Cerberilla moebii

Scientific classification
- Kingdom: Animalia
- Phylum: Mollusca
- Class: Gastropoda
- Order: Nudibranchia
- Suborder: Aeolidacea
- Family: Aeolidiidae
- Genus: Cerberilla
- Species: C. moebii
- Binomial name: Cerberilla moebii (Bergh, 1888)
- Synonyms: Fenrisia moebii Bergh, 1888

= Cerberilla moebii =

- Authority: (Bergh, 1888)
- Synonyms: Fenrisia moebii Bergh, 1888

Species of gastropod

Cerberilla moebii is a species of sea slug, an aeolid nudibranch, a marine heterobranch mollusc in the family Aeolidiidae.

==Distribution==
This species was described from Mauritius.
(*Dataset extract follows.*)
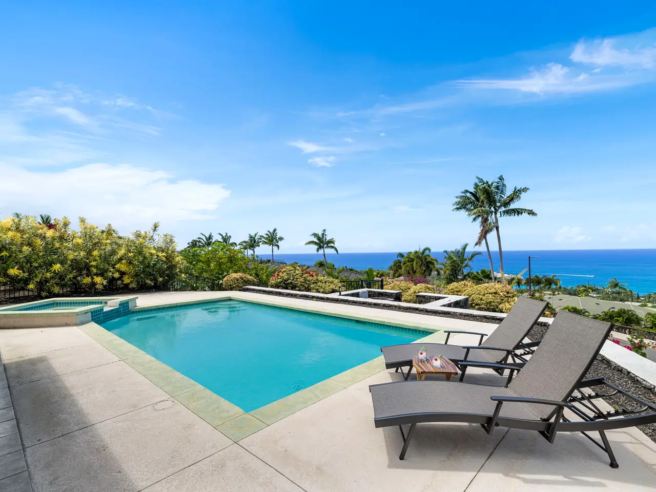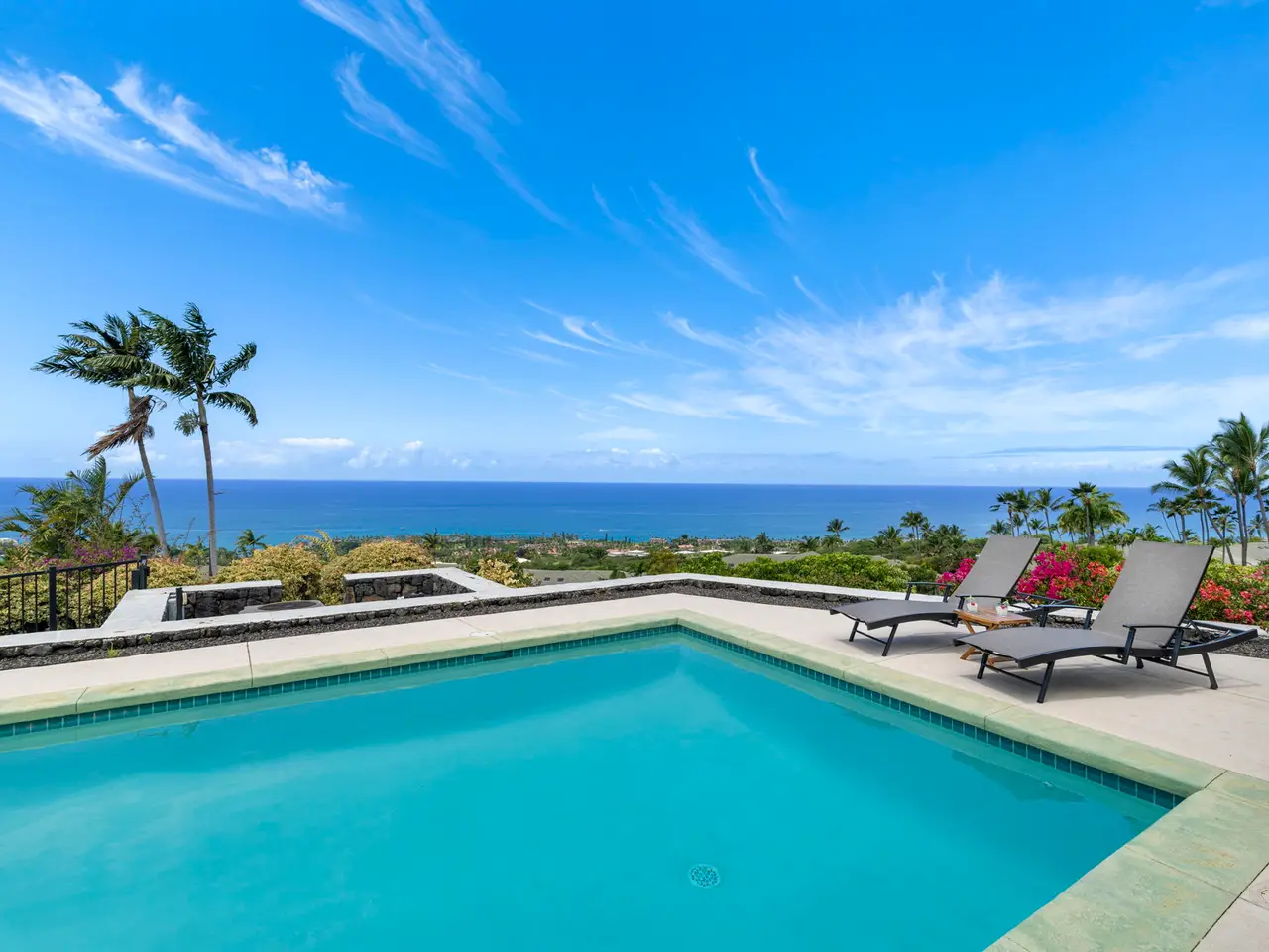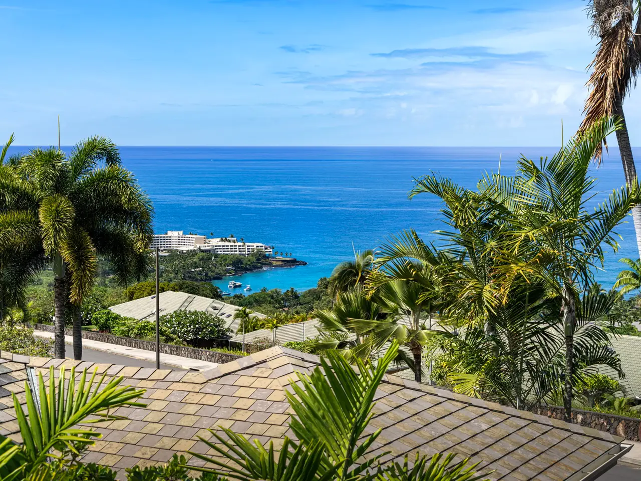 Elegant single-level luxury home in the prestigious Bayview Estates! This luxury home greets you with sweeping ocean, coastline, and Keauhou Bay views. The living room, kitchen, and the primary bedroom open into the huge coved lanai, perfect for watching Kona's gorgeous sunsets and seasonal whale watching. Notable features of this beautiful home include: Hardwood floors in the living room and hallway. Travertine tiles in bedrooms and baths. Central Air Conditioning. Granite countertops. Valted high ceiling in the living room. Pool/spa overlooking ocean views. Open floor plan. Fully furnished and turnkey. Beautifully landscaped. Fully owned Photovaltec. Located in a quiet cul-de-sac. Bayview Estates is a gated community close to shopping, golf, ocean activities and much more! The video of this property: https://hawaiian-virtual-tours.aryeo.com/videos/019965f0-8a38-73bd-81bd-5d8cbb120413

A nudibranch from Reunion may be this species.

==Description==
All Cerberilla species have a broad foot and the cerata are long and numerous, arranged in transverse rows across the body. In this species the long oral tentacles have bands of dark blue and there is a narrow band of black on each of the cerata. Two species from the Indian Ocean, Cerberilla africana Eliot, 1903 (East Africa) and Cerberilla affinis (Bergh, 1888) - Indonesia are similar in colour.

==Ecology==
Species of Cerberilla live on and in sandy substrates where they burrow beneath the surface and feed on burrowing sea anemones.